Many elderly people live full, independent lives and don't need much help from family and friends. But sometimes, older people experience what seems to be a sudden decline in their ability to remain independent, even while they don't appear to have suffered strokes, or have a debilitating illness such as Parkinson's or heart disease. Rose Hoban reports on a simple technique that may predict these kinds of changes.
Doctor Marco Inzitari from the Autonomous University of Barcelona studies these sudden declines in older people. He says with a magnetic resonance imaging machine, or an MRI, doctors can see some changes in small blood vessels in the brain. "But it's very hard to use it [the MRI] in everyday practice and also to use it in very large studies, because these kinds of assessments are very expensive," he explains.
But often, doctors and family members start to notice small, subtle changes – a senior loses balance more easily, or becomes unable to pick up a grandchild. Inzitari was interested to see if these subtle signs could actually be a low-tech way to predict imminent decline in the elderly.
Inzitari was able to use data from a study begun in 1995 of elders in a rural village in his native Italy. The researchers did thorough evaluations of the people, and collected data on many functional systems, including the neurological system.
"We used a standard neurological exam, and... this includes different signs, such as for example, in paired muscle strength, or reduced reflexes, or postural instability, as a very simple balance test," Inzitari says. "These kinds of things… all the physicians studied in medical school and this is something that is standardized all over the world." The researchers excluded people from the study who already had a diagnosable neurological disease.
Sure enough, when looking at the data, Inzitari found that people who had several of these subtle neurological changes at the beginning of the study were more likely to have declined after four years.
"Participants who had three or more neurological abnormalities at baseline lost around one or more than one activities of daily living at follow up," he says. "So they really declined in the functional status." He also notes that people with more abnormalities at the beginning of the study were more than twice as likely to have died after eight years.

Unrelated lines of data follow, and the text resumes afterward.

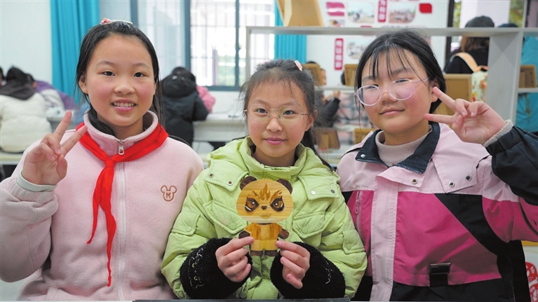 “足球是拼搏精神的象征,麥稈烙畫是匠心傳承的載體。”龍怡珍一邊指導(dǎo)學生調(diào)整烙鐵溫度,一邊說,兩者結(jié)合既能讓孩子們感受非遺的魅力,也能為家鄉(xiāng)球隊注入獨特的文化底蘊,“這一次帶著孩子們制作川超吉祥物烙畫,就是想以傳統(tǒng)技藝為川超加油,為綿陽助威。”五年級學生楊沁依的案前,一幅烙畫已見雛形:麥稈拼接成的足球旁,“超哥”揮臂奔跑。“我一直通過電視關(guān)注綿陽九洲長虹隊的每一場比賽,哥哥們表現(xiàn)得很棒,我為他們感到驕傲和自豪。”她低頭調(diào)整烙鐵角度,小心翼翼地給“超哥”的球衣添上細節(jié),“這次我想通過自己喜歡和擅長的麥稈烙畫,制作一幅作品為他們加油,希望他們一往無前,在賽場上拼搏出更好的成績。”
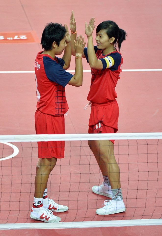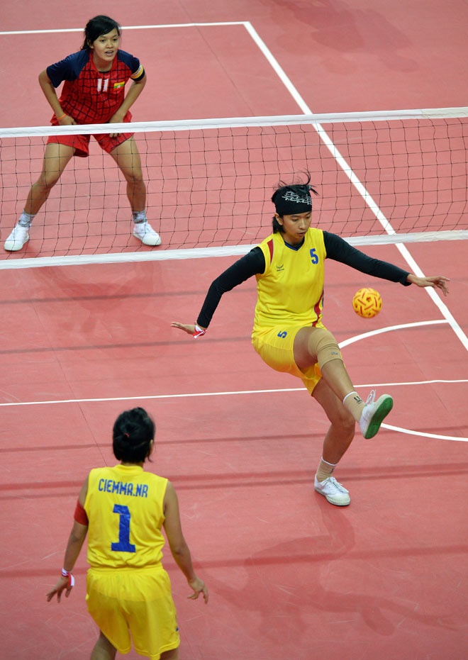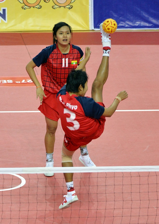 | Tuy nhiên, các cô gái Myanmar tỏ rõ lợi thế chủ nhà và liên tục ghi điểm. |
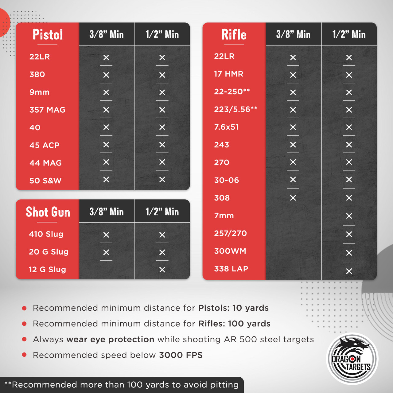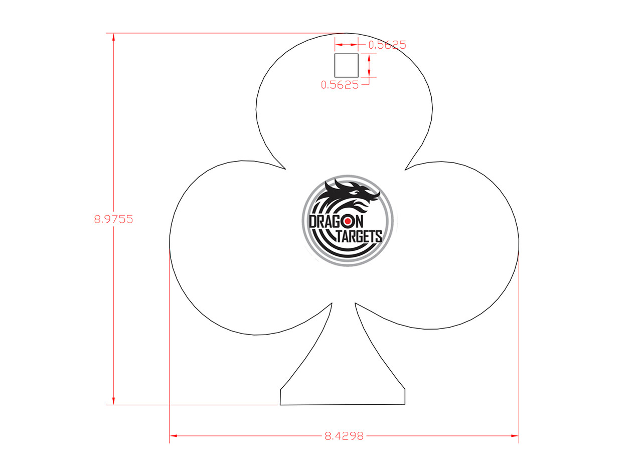 Professional grade AR500 steel shooting target by Dragon Targets. Get instant feedback when you hit a Dragon Target! When the targets are hit, they make a loud 'dinging' noise that lets the shooter know they are on point. See shooting chart for recommended distance and ALWAYS wear eye and ear protection while shooting at a Dragon AR500 Steel Target. Dragon Targets are made with AMERICAN AR500 Steel and finished in Texas. The Club Shaped Steel Target x 3/8" Thick is painted with a custom formulated paint to eliminate glare and maximize visibility. Targets are painted with a thin coat of custom target paint to eliminate distracting paint cracks. Simply paint over targets when done or a few minutes before a shooting session. The Club Shaped Steel Target x 3/8" Thick has two square holes to accept a ½" carriage bolt (not included) for hanging targets. Order today and start shooting like a pro!
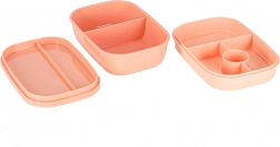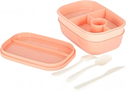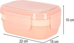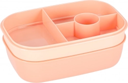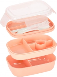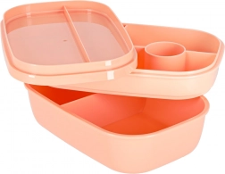 Třípatrová konstrukce se 8 přepážkami umožní zabalit hlavní chod, přílohy i svačinu zvlášť. Čtyři klipsy pevně uzavřou víko se silikonovým těsněním, takže obsah zůstane v bezpečí i v tašce. Meruňková barva dodává moderní vzhled.
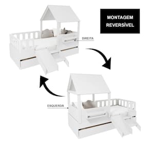 Diferenciais: Auxiliar com 4 rodízios, MDF Melamina 15mm, Estrados em Madeira Maciça, Casinha com Telhado, Kit escada/ escorregador, Grades Anatômicas (Todas as Grades são Removíveis)
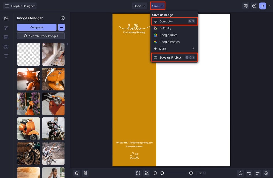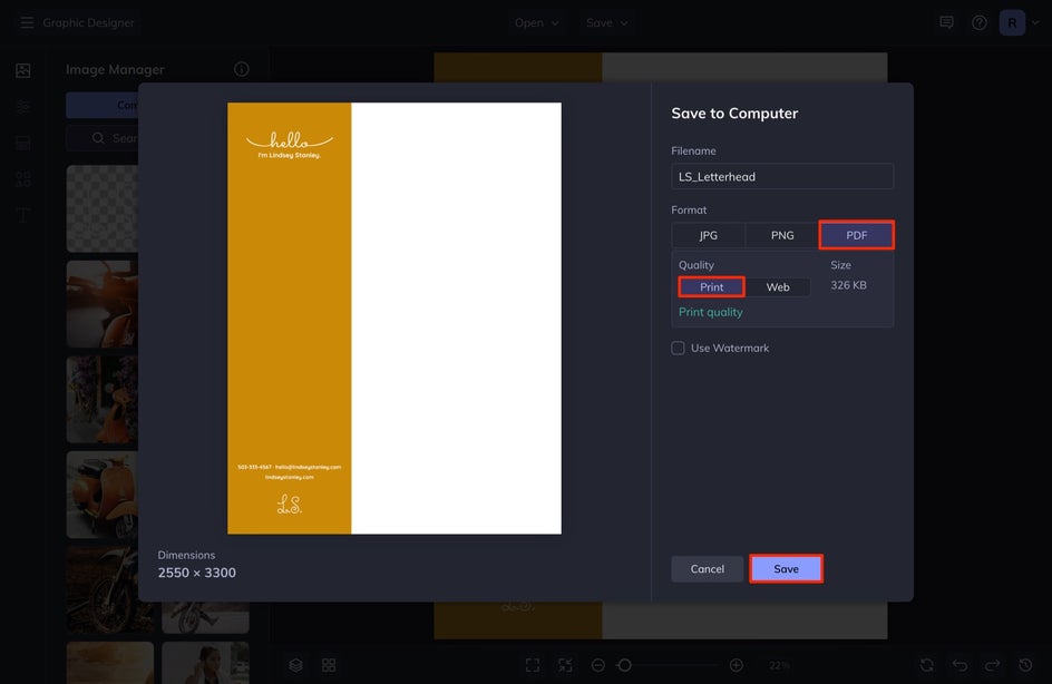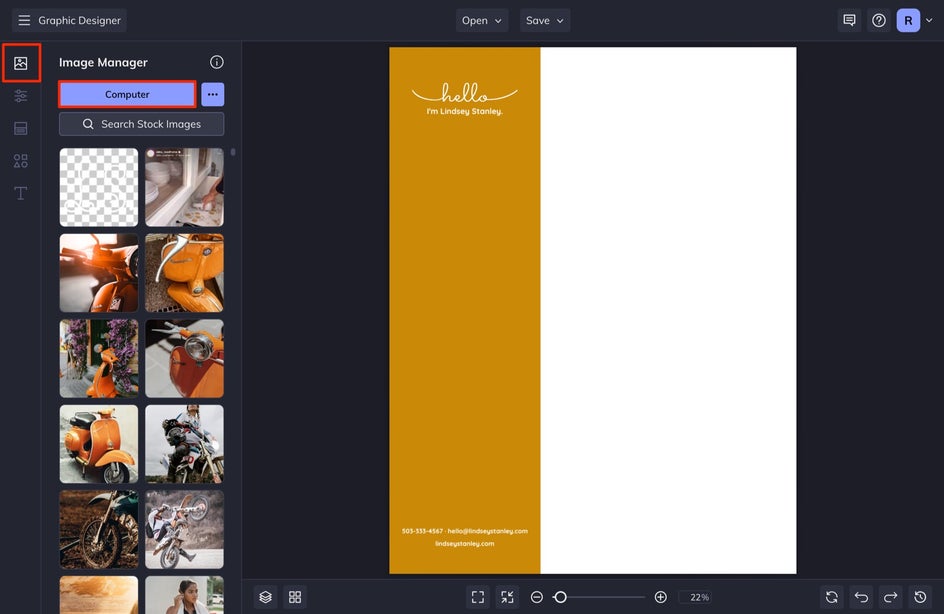 To add your logo to your letterhead, go to Image Manager and then select Computer. Locate your PNG file. Your logo file will appear in your Image Manager. Drag and drop your image onto the canvas. You can size it and position it wherever you’d like.
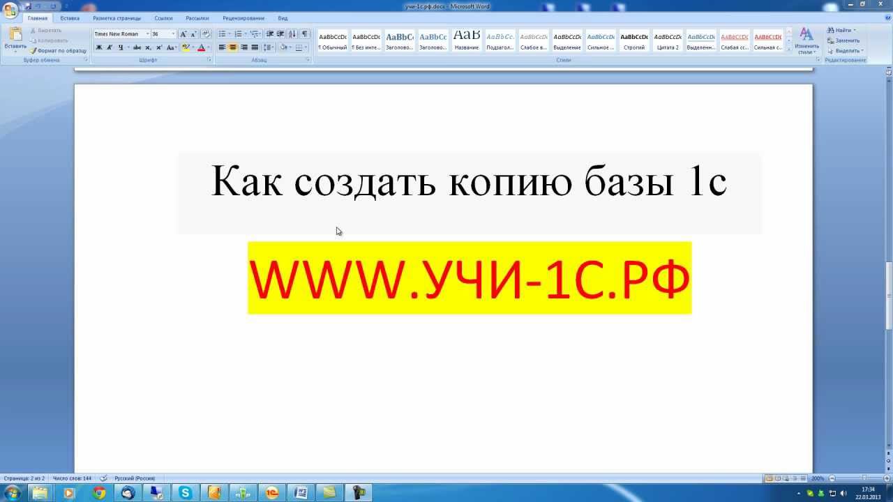 Много видео уроков по 1с на сайте http://xn---1-vlc2bgy.xn--p1ai http://www.youtube.com/watch?v=WOrk4cf4Fg0 В этом видео уроке рассказывается о том как создать копию базы 1с 8. Если вам понравилось это видео, подпишитесь на наш канал по 1с, кнопка под видео "подписаться".
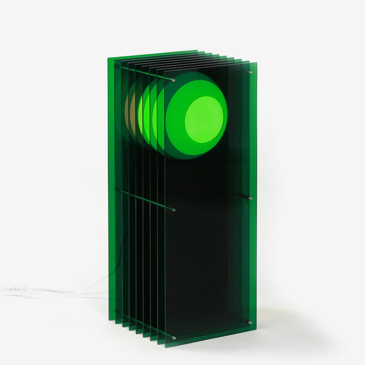 Auf Vietnamesisch bedeutet LỚP „Schichten“, ein passender Name, denn sobald sie beleuchtet werden, erzeugen die Acrylschichten der LỚP Lampen faszinierende Reflexionen der Kugel im Inneren. Diese erinnern an eine Bewegungsspur, wie sie von einer sich bewegenden Kugel hinterlassen wird. Während die Kugel selbst statisch bleibt, verleihen ihre vielfältigen Reflexionen dem Raum eine dynamische Aura.

Inzitari says one of the advantages to a standard neurological assessment is that it's cheap and universally understood by doctors. He also says these subtle changes are the kinds of things that families notice and can bring up with doctors.
If further research shows that, indeed, these subtle signs are predictors of physical and mental decline, they could become ways to alert doctors and families to take action before seniors decline too far.
Inzitari's research is published in the Archives of Internal Medicine.